Segment Open

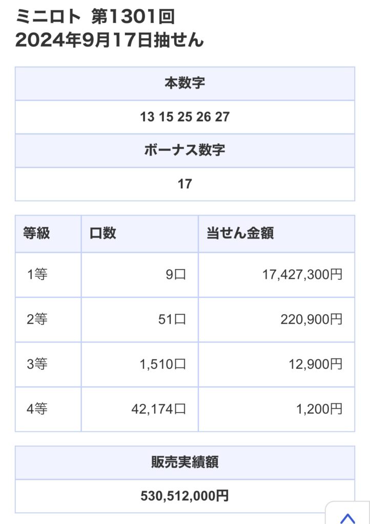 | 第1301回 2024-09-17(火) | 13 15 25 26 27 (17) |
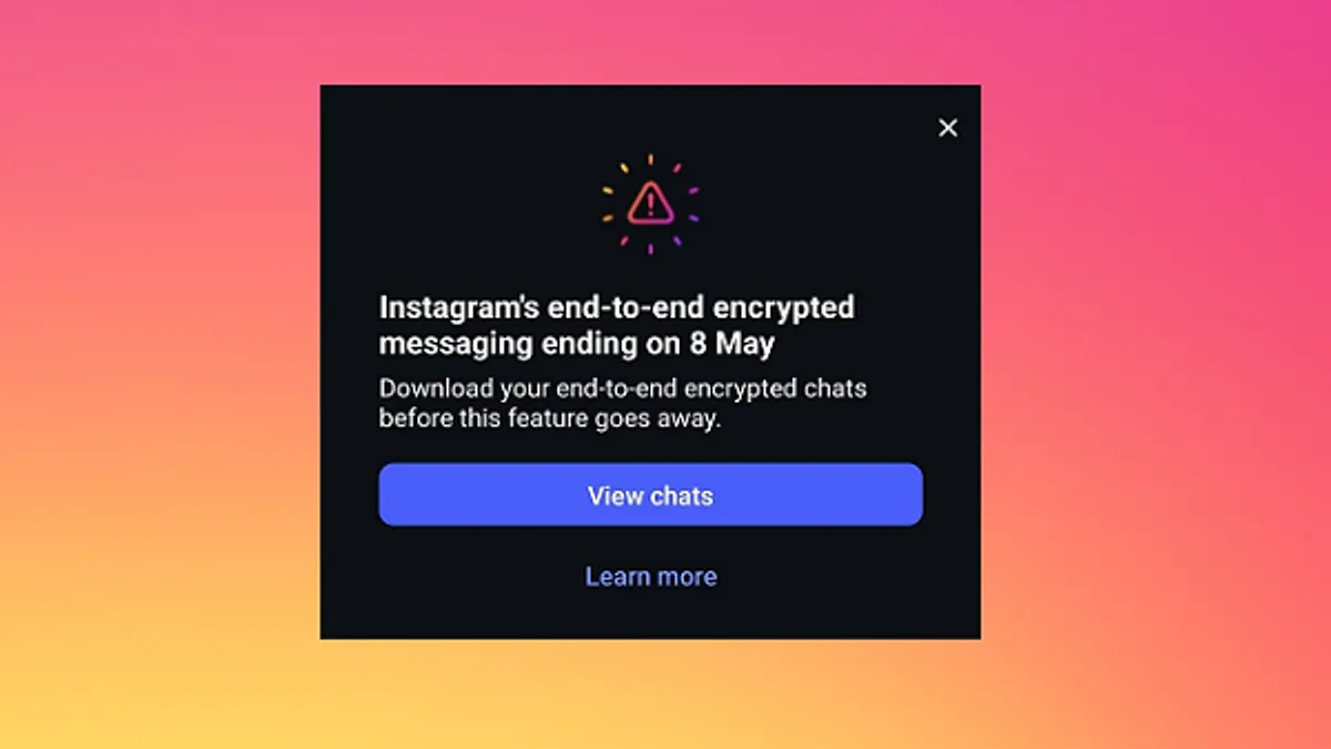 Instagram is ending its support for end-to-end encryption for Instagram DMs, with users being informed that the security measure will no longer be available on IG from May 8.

Segment Closed
Segment Open

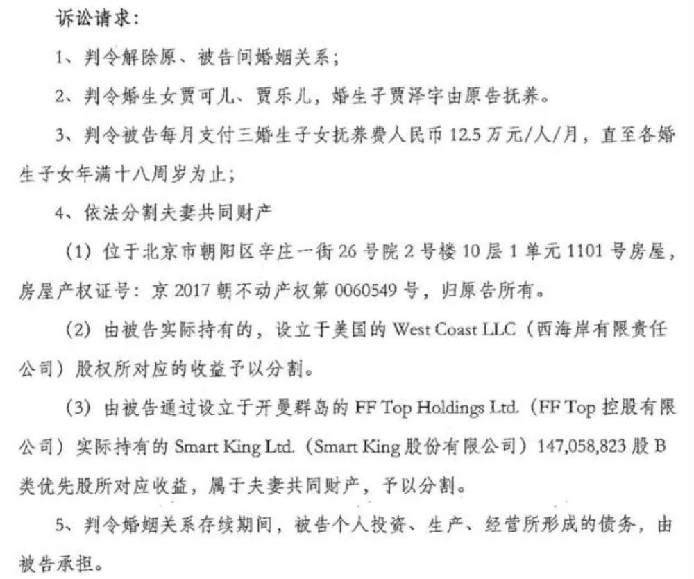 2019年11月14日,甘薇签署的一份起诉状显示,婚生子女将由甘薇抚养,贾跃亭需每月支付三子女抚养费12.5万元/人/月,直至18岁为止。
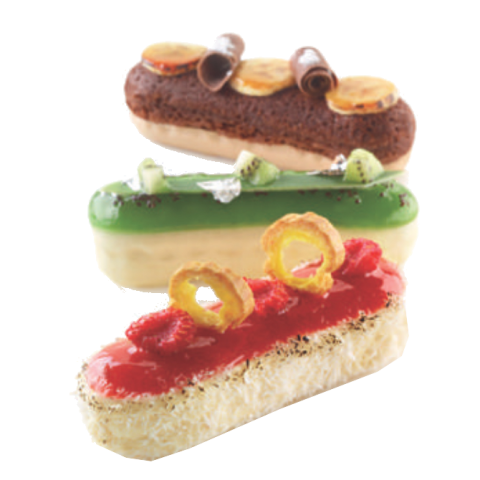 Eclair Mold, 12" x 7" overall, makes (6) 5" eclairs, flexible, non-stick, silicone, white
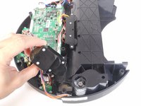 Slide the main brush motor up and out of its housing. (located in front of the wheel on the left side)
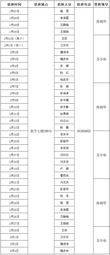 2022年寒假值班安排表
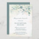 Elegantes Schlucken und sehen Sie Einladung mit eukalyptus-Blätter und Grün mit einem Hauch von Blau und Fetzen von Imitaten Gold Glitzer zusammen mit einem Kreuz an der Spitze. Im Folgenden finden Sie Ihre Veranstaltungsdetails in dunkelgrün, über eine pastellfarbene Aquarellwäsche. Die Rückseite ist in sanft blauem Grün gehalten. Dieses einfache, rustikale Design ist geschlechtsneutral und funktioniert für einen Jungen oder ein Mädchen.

Segment Closed
Segment Open

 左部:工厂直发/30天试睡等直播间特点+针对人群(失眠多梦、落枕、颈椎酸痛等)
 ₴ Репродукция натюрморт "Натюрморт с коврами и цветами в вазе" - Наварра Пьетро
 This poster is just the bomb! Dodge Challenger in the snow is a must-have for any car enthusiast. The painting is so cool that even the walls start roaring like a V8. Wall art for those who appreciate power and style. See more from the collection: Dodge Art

Segment Closed

** DESCRIPTION OF THE TASK **
Retype the lines above exactly as they appear, from the line containing "26 27 (17) |" through the line containing "Instagram is ending", and leave out any pictures.

** OUTPUT OF THE EXERCISE **
 | 第1301回 2024-09-17(火) | 13 15 25 26 27 (17) |
 Instagram is ending its support for end-to-end encryption for Instagram DMs, with users being informed that the security measure will no longer be available on IG from May 8.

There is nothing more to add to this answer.